The Fund will invest primarily (at least 65% of its total assets under
normal circumstances) in the following types of debt securities: U.S.
Government Securities (including mortgage-related securities), corporate
fixed-income securities, and other fixed-income securities, including
privately issued mortgage-related securities, asset-backed securities and
U.S. dollar-denominated Yankee bonds. A description of these types of
securities and the risks of investing therein is set forth in Appendix A to
this proxy statement. In connection with its investments in mortgage-related
securities, the Fund will not invest in inverse floaters or in interest only,
principal only or inverse interest only tranches of collateralized mortgage
obligations. The Fund also will be permitted to invest in cash and
short-term money market securities and, for temporary defensive purposes,
will be permitted to invest more than 35% of its total assets in such
securities. The Fund's investments in short-term money market securities may
include time deposits, bank certificates of deposit, bankers' acceptances,
high-grade commercial paper and other money market instruments. In addition,
the Fund will be permitted to invest in repurchase agreements with respect to
U.S. Government Securities. See Appendix A for a discussion of repurchase
agreements.
Under normal circumstances, the Fund will attempt to maintain for its
portfolio a dollar-weighted average maturity of three to ten years and an
effective duration of two to six years.

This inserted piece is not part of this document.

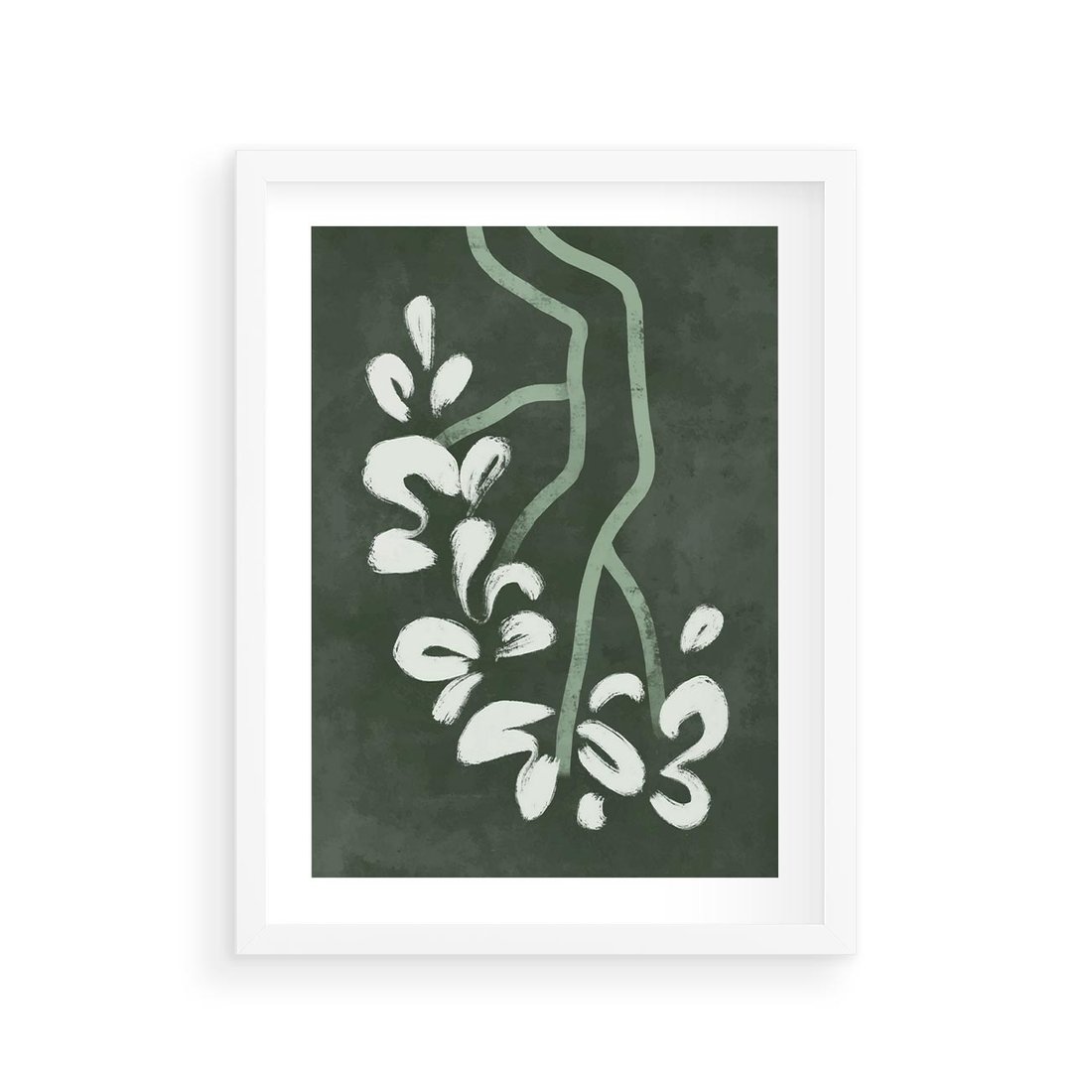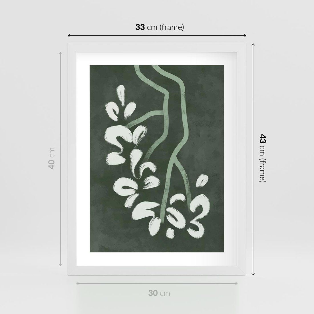 Plakat w ramie 30x40 - Rozkwitające Zielone Gałęzie - abstrakcyjne delikatne zielone linie, podobne do gałęzi kwiatów - rama biała

Effective duration estimates the
interest rate risk of a security. See Appendix A.
The investment policies discussed in this section will be nonfundamental
and therefore may be changed without shareholder approval.
OPENING OF FUND, NAME CHANGE AND OTHER CHANGES
The Board of Directors has approved opening the Fund to new investors if
shareholder approval of the proposal is obtained. Fund shares have not been
available for sale to new investors since June 14, 1994. In addition, the
Fund's bylaws will be amended to rename the Fund "Intermediate Bond Fund,"
which more appropriately reflects the revised investment policies of the
Fund. Finally, the Fund's minimum initial investment will be decreased from
$25,000 to $250.
PORTFOLIO MANAGEMENT
Worth Bruntjen has been primarily responsible for the day-to-day
management of the Fund's portfolio since inception of the Fund in 1988. If
shareholder approval of the proposal is obtained, Bruce D. Salvog and David
M. Steele will share primary responsibility for the day-to-day management of
the Fund with Mr. Bruntjen. Mr. Salvog has been a Senior Vice President of
the Adviser since 1992 and was a Portfolio Manager at Kennedy Associates,
Inc. in Seattle from 1984 to 1992. He has an AB from Harvard University and
25 years of financial experience. Mr. Steele has been a Senior Vice President
of the Adviser since 1992 and was a portfolio manager at Kennedy Associates,
Inc. in Seattle from 1987 to 1992. He has an MBA from the University of
Southern California and 16 years of financial experience.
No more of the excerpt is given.